Quant à la durée de cet effort supplémentaire, qui divise les pays producteurs, elle fera l'objet d'un examen d'étape lors d'une "réunion extraordinaire" début mars 2020 à Vienne. Certains pays ne veulent pas s'engager au-delà de la fin mars, et d'autres souhaitent prolonger les coupes pendant tout le 1er semestre, voire toute l'année 2020.

L'or a pâti du regain d'appétit pour le risque, abandonnant 1,25% à 1.464,50$ l'once pour le contrat à terme de février sur le marché Comex. Le métal jaune a reculé de plus de 3,5% depuis début novembre, les espoirs d'un accord commercial ayant profité aux actifs risqués au détriment des valeurs-refuge comme l'or.

VALEURS A SUIVRE

Tesla (+1,6%) a bénéficié de l'inscription par le ministère de l'Industrie chinois du Model 3 sur la liste des véhicules éligibles aux aides publiques au développement des nouvelles énergies, favorisant l'implantation du groupe sur le premier marché automobile mondial.

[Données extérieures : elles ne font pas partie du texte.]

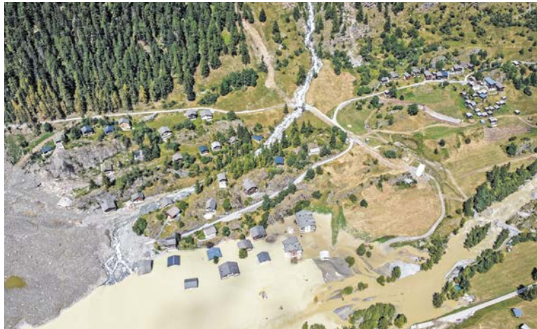
100 000 Franken für Blatten: Küsnacht unterstützt eine breite Palette an Hilfsorganisationen.

Die höchsten Beträge der Inlandhilfe entfielen auf das Küsnachter TAXI (CHF 66 161) sowie auf die Partnergemeinde Saas-Balen (CHF 50 000), der Küsnacht bei der Bewältigung von Unwetterschäden im Vorjahr geholfen hatte. In der Auslandhilfe ging der höchste Betrag nach Haiti: Mit 30 000 Franken wurde dort der Lohn eines Kinderarztes finanziert. Welche Organisation wie viel Geld erhält, entscheidet der Vergabeaus-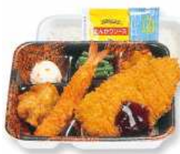
ローズかつセット (ソース・エビ・唐揚)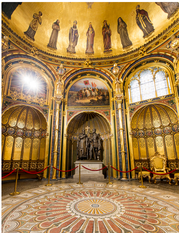
1 Złota Kaplica, fot. A. Ciereszko, visitpoznan.pl

wykonaną ze szkła hartowanego instalację artystyczną. Również i sam kościół jest bardzo ciekawy, a multimedialna ekspozycja wewnątrz przybliży dawne dzieje tego miejsca. W północną ścianę świątyni wmurowano potężny kamień. Podanie głosi, że jest to tron książęcy z czasów twórców państwa polskiego. Dzisiaj każdy może spróbować na nim zasiąść.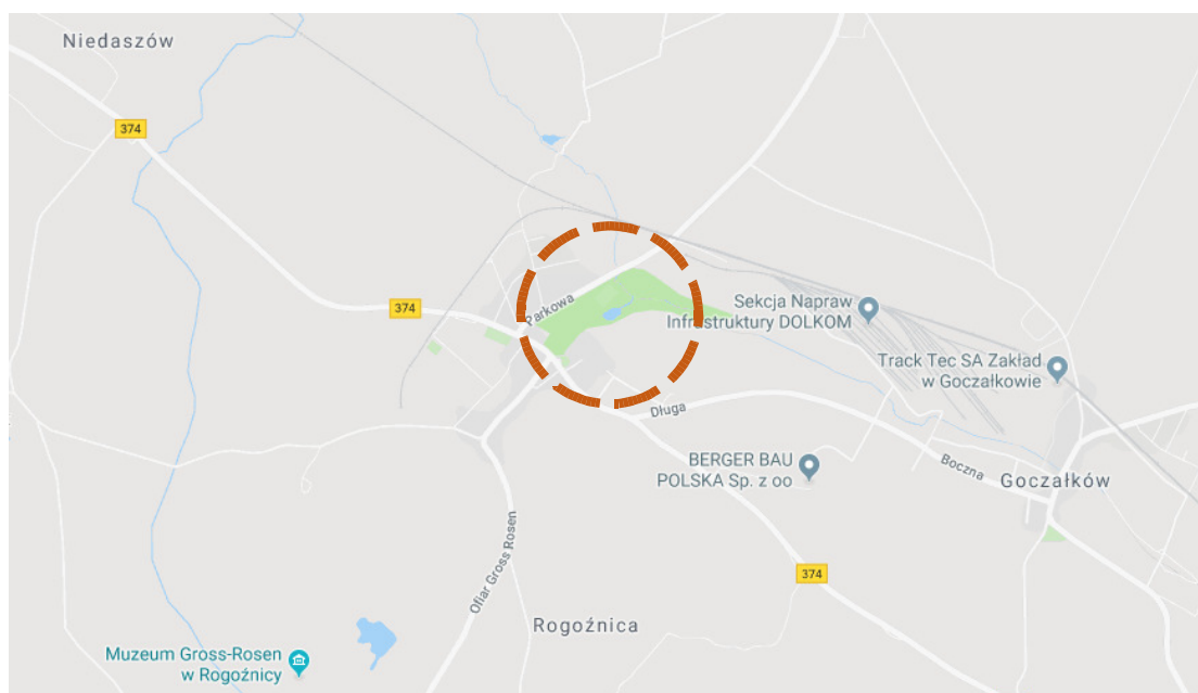
Rys. 1. Lokalizacja parku

DZ. NR 203/4, 203/6, 203/8; OBRĘB: 0014, Rogoźnica

Uber (-2,7%) a déclaré avoir reçu plus de 3.000 signalements d'agressions sexuelles en lien avec les trajets effectués aux Etats-Unis en 2018 par. Ses services de VTC

Le titre de Fiat Chrysler a cédé 1%. Le fisc italien réclamerait 1,4 milliard d'euros (1,6 Md$) à Fiat Chrysler, lui reprochant d'avoir sous-évalué Chrysler Automobiles lors du déplacement du siège de la nouvelle entité d'Italie vers les Pays-Bas en 2014. Par ailleurs, selon l'agence 'Reuters', le groupe chinois Dongfeng réfléchit à une réduction de sa participation dans PSA Groupe (+1,27% à Paris), au moment où ce dernier est en cours de fusion avec le constructeur italo-américain.

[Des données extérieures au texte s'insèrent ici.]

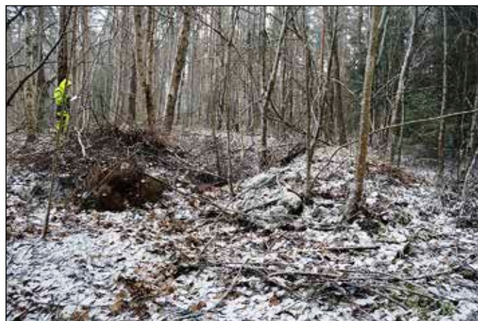
Fig 5. Obj 5 - Jordkällare med ingång samt Kjell som beskriver.

De sedan tidigare registrerade lämningarna inom utredningsområdet har nu kontrollerats i fält. Lämningarna L1940:7279 (Lena 573), L1940:5337 (Lena 538), L2019:3916 och L2019:3917 stämmer bra med beskrivningarna i Forndok.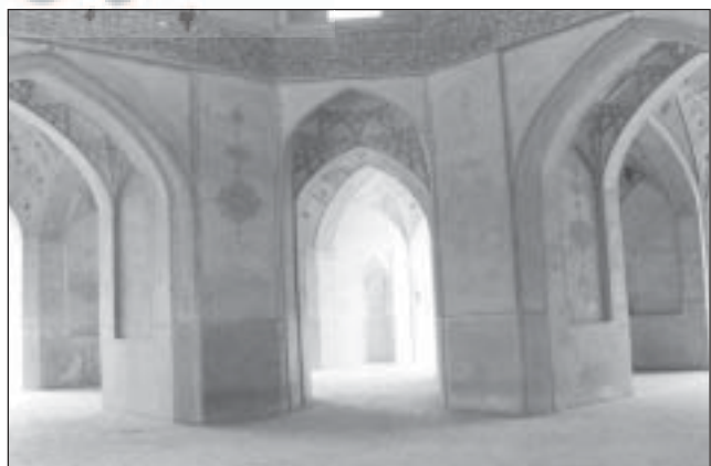
مسجد و مدرسه آقا بزرگ، کاشان

اهمیت تعلیم و تعلم در اسلام انکار ناپذیر است. در اهمیت دانش اندوزی در اسلام همین بس که قرآن کریم آن را مفروض و جدانشناخته می‌داند و می‌پرسد: «قل هل یتسوی الذین یعلمون و الذین لا یعلمون» [زمر/۹] (بگو آیا کسانی که می‌دانند با کسانی که نمی‌دانند یکسانند). همچنین قرآن کریم عالمان را بر غیر عالمان برتری داده، می‌فرماید: «یرفع الله الذین آمنوا منکم و الذین اتوا العلم درجات» [مجادله/۱۱] (خداوند کسانی را از شما که ایمان آورده‌اند و کسانی را که علم به آنان داده شده درجات عظیمی می‌بخشد). پیامبر اکرم(ص) علم را سرچشمه همه کارهای نیک و نادانی را منشأ تمام کارهای شر دانسته است. علی(ع) نیز آن دو را اصل همه کارهای نیک و بد می‌داند [محمدی ری شهری، میزان الحکمة، ج ۶، ۴۵۱]. درباره اهمیت و جایگاه دانش اندوزی در اسلام سخن فراوان است، اما از آنجا که محور بحث ما در آموزش و تعلیم است، از پرداختن بیشتر به اهمیت علم خودداری کرده، به اهمیت آموزش می‌پردازیم. گرچه اهمیت علم در اسلام گویای اهمیت آموزش نیز هست، زیرا علم، تعلیم و تعلم از هم جدا شدنی نیستند و هر سه به هم گره خورده‌اند.

Dongfeng, partenaire de longue date de PSA, détient actuellement 12,2% de son capital et 19,5% des droits de vote, une présence qui a fait tiquer les autorités américaines, qui seraient réticentes à donner leur feu vert à la fusion PSA-FCA, si un groupe chinois en devient un des principaux actionnaires...

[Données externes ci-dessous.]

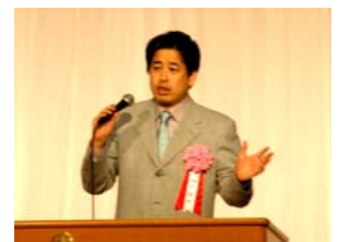
二宮 清純 氏

7/12(火) 広島プリンスホテルにおいて、広島郷心会の総会が開催された。総会に先立ち、スポーツジャーナリストの二宮清純氏の「勝者の思考法」と題して講演会が行われた。大ホール一杯の聴衆を前に、「広島東洋カープの1ファンとしてカープの目指してほしいこと。阪神の4番・金本とカープ4番・新井とのデータの比較によってOUTから遠ざかる秘訣。サッカーJリーグ発足当時の川淵キャプテンの決意。出来ない・前例がないでは前に進まない。企業においても勝者となるためには、SKILL(技術)よりWILL(何をやりたいか)が大事。SKILLはそれに伴ってついてくる。ONLY1がNO.1になる。」などスポーツを通して「勝者となるための秘訣」を話された。経営者として有意義な示唆に富んだ講演であった。講師の二宮氏は、後の懇親会にも出席され、秋葉広島市長・宇田広島商工会議所会頭・井巻マツダ社長などと親しく懇談された。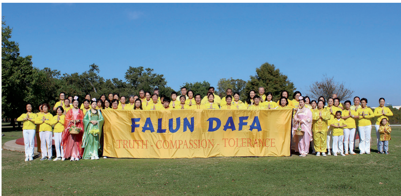
■二零二一年十一月二十日，美國休士頓法輪功學員雙手合十，恭祝法輪大法師父感恩節快樂。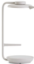
Eclipse Light im Modus für Fokussarbeit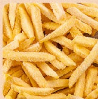
Batata para Air Fryer Extra Croc McCain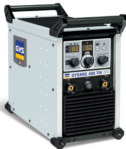
Leveres uden tilbehør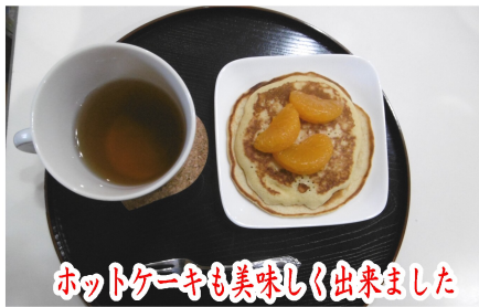
ホットケーキも美味しく出来ました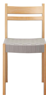
プラッドイスNA2 11915-A ¥36,800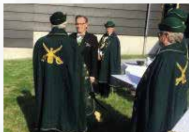
Intronisations and promotions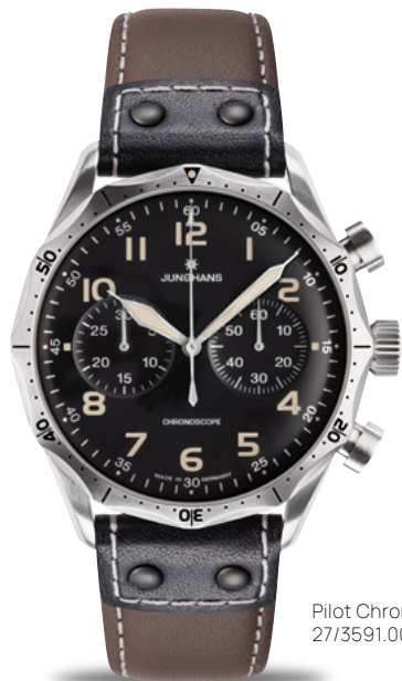
Pilot Chronoscope 27/3591.00

Selon les sources citées par l'agence de presse, Dongfgeng donc pourrait réduire sa part dans la future entité PSA-FCA à un niveau qui soit jugé acceptable par les Etats-Unis.

Ulta Beauty (Ulta Salon, +11%) a bondi, après la publication, jeudi soir, de résultats trimestriels supérieurs aux attentes grâce à la croissance des ventes de ses produits cosmétiques à forte marge. Au moins trois analystes ont revu leur objectif de cours à la hausse à la suite de cette publication.

Sage Therapeutics (+7,%) s'est repris quelque peu, après son plongeon de près de 60% jeudi ! La société biopharmaceutique a déclaré qu'une étude de phase 3 de son SAGE-217 pour le traitement du trouble dépressif majeur ne permettait pas d'atteindre le critère d'évaluation principal. Cette étude n'a ainsi pas permis de prouver une réduction significative des troubles par rapport à l'échantillon de patients auxquels étaient administrés un placebo.

A la suite de cette déception, le courtier RBC, notamment, a abaissé sa recommandation à "performance du secteur" (neutre) contre "surperformance" (achat) sur l'action Sage Therapeutics.